--- AVAILABLE DATA Enclosed Below ---

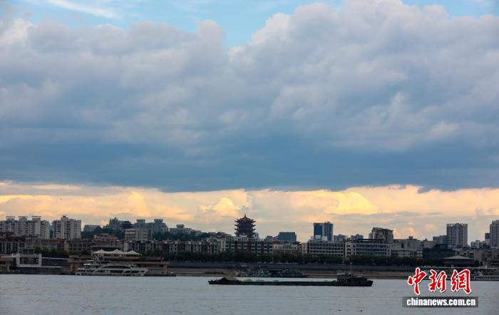 图为汉口江滩上空蓝天与乌云同现,宛如大自然绘就的“阴晴交界图”。中新社记者 张畅 摄
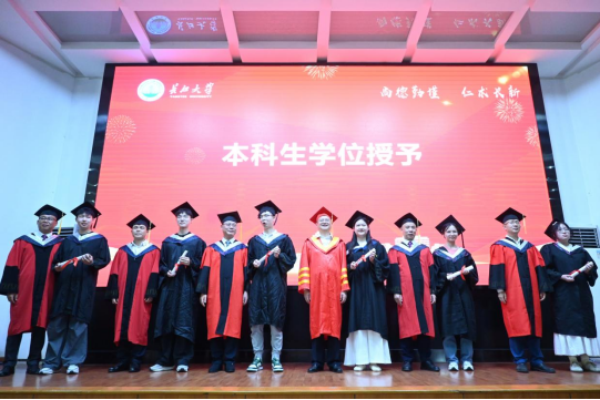 随后举行医学部2025届毕业生学位授予仪式。毛精华教授,龚权教授,梅京松教授,孙亚凌教授,谭小平教授、陈晓光教授等为毕业生们正冠拨穗、颁发学位证书。
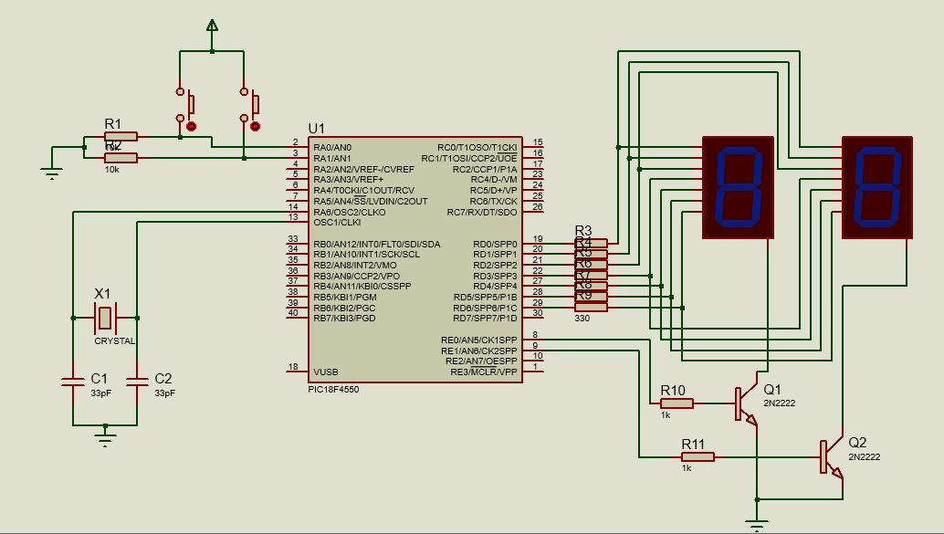 En este proyecto se implementa un contador digital de 00 a 99 utilizando el microcontrolador PIC18F4550, dos displays de 7 segmentos y dos pulsadores. El sistema permite incrementar y decrementar el valor mostrado mediante los pines RA0 y RA1, respectivamente. Además, se emplea multiplexación para controlar ambos displays con un número reducido de pines.

--- End of Enclosed AVAILABLE DATA ---

## TASK GOAL
Would you please repeat the lines above exactly, from the first line of the listing through the line holding "随后举行医学部2025届毕业", with nothing added and no pictures?

## RESPONSE TO THE EXERCISE
 图为汉口江滩上空蓝天与乌云同现,宛如大自然绘就的“阴晴交界图”。中新社记者 张畅 摄
 随后举行医学部2025届毕业生学位授予仪式。毛精华教授,龚权教授,梅京松教授,孙亚凌教授,谭小平教授、陈晓光教授等为毕业生们正冠拨穗、颁发学位证书。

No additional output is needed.